Своеобразная реставрация подходов русской академической науки, а вернее, одиозного историографического официоза Империи, маргинальных в историописании рубежа XIX–XX веков политически заострённых интерпретаций российского исторического процесса в духе национальной правой во второй половине 1930-х годов сопровождалась безудержным развенчанием «школы Покровского», а подкреплялась физическим устранением подавляющего большинства историков-марксистов «первых призывов».

В ходе обсуждения известного доклада А.В. Шестакова в Институте красной профессуры «Методы и приёмы вредительской работы на историческом фронте» 31 октября 1937 года М.В. Нечкина упрекала «школу Покровского» в отсутствии «чувства Родины». В обличительном запале она договорилась до того, что «теория Покровского белофинская», согласно которой «в жилах русского народа течет финская кровь». В процессе просмотра стенограммы этот пассаж был вычеркнут{15}. Финская тема в 1930-е годы звучала на разные лады в идеологических упражнениях, отражая одно из направлений внешнеполитических устремлений советского правительства. Руководство Марийской автономии сочло за благо отмежеваться от нежелательного и опасного родства языка мари («восточных финнов») с языком основного населения Финляндии. На областной партконференции в 1934 году Марийский обком ВКП(б) обнародовал своё заключение-предупреждение: «Как преподаётся в пединституте история мари, марийского языка? Увязывается вопрос марийского языка с другими, говорится о родственной связи мари с финнами, венграми и т. д., и т. п. Мы не можем допустить, чтобы кафедры высшей школы превратились в кафедры пропаганды буржуазных мнений или людей, которые отражают линию контрреволюционных интеллигентов». В соответствии с этой установкой было сфабриковано дело «федералистов», которые стремятся к созданию «Федерации финно-угорских племён под протекторатом Финляндии», или «Великой Финляндии»{16}.

М.В. Нечкина

Те из учеников и коллег Покровского, которым дозволили остаться в обновленной историографии, расписались в своей полной лояльности, приняв участие в двух сборниках статей, изданных в 1939 и 1940 годах. Эти издания знаменовали отлучение Покровского от историографии советской державы. Сами их названия говорили об окончательном «приговоре» по «делу» некогда всесильного историографа — «Против исторической концепции М.Н. Покровского» и «Против антимарксистской концепции М.Н. Покровского». Оснащение фамилии Покровского его инициалами в заглавиях сборников («врагам народа» имена и отчества при упоминании их фамилий не полагались) всё же проводило незримую черту между «бандой фашистских прихвостней» — имиджем «старой гвардии» большевизма второй половины 1930-х годов — и Покровским, которому суждено было умереть в своей постели. Этот политиканский штрих потребен был, верно, для негласного обоснования того, что некоторые из близких Покровскому людей продолжали служить советскому государству. И того, что прах Покровского упокоен в Кремлёвской стене.

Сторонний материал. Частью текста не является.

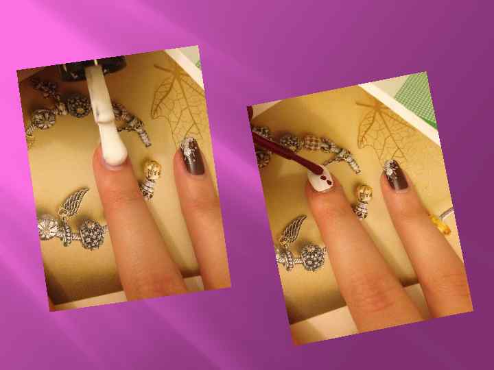 Покрываем ноготь прозрачным лаком, не дожидаясь пока он высохнет, у линии улыбки темным цветом в хаотичном порядке(в зависимости от того где и с каким наклоном, вы хотите рисунок)делаем точки

Обновлённая историческая концептуалистика предполагала иное структурирование поля исторических изысканий, изменение иерархии проблем исследования. Ключевое значение приобретала агиография наиболее значимых фигур русского автократизма. Особенно много внимания стало уделяться в исторической науке и художественной литературе отображению времени Петра I. Образ титана, преобразователя, с помощью «дубинки-погонялки» боровшегося за преодоление отсталости России, поддерживался сталинским руководством. И главное — проецировался на фигуру Сталина, всё более возносившуюся над простыми смертными. С середины 1930-х годов историографию поразил очередной для русской исторической мысли, но небывалый по размаху «приступ историографического кошмара» {17} — апологетики Ивана IV. Приступ, отразивший личные симпатии Сталина к этому историческому персонажу [3] .

3

«Сталину действительно очень нравилась опричнина, очень импонировала фигура Ивана Грозного. Но он нарочно забывал тот гигантский общенациональный крах, которым кончилось всё это дело». — Покровский Н.Н. В пространстве и времени // Эйдельман Н.Я. «Революция сверху» в России. — М., 1989. С. 16.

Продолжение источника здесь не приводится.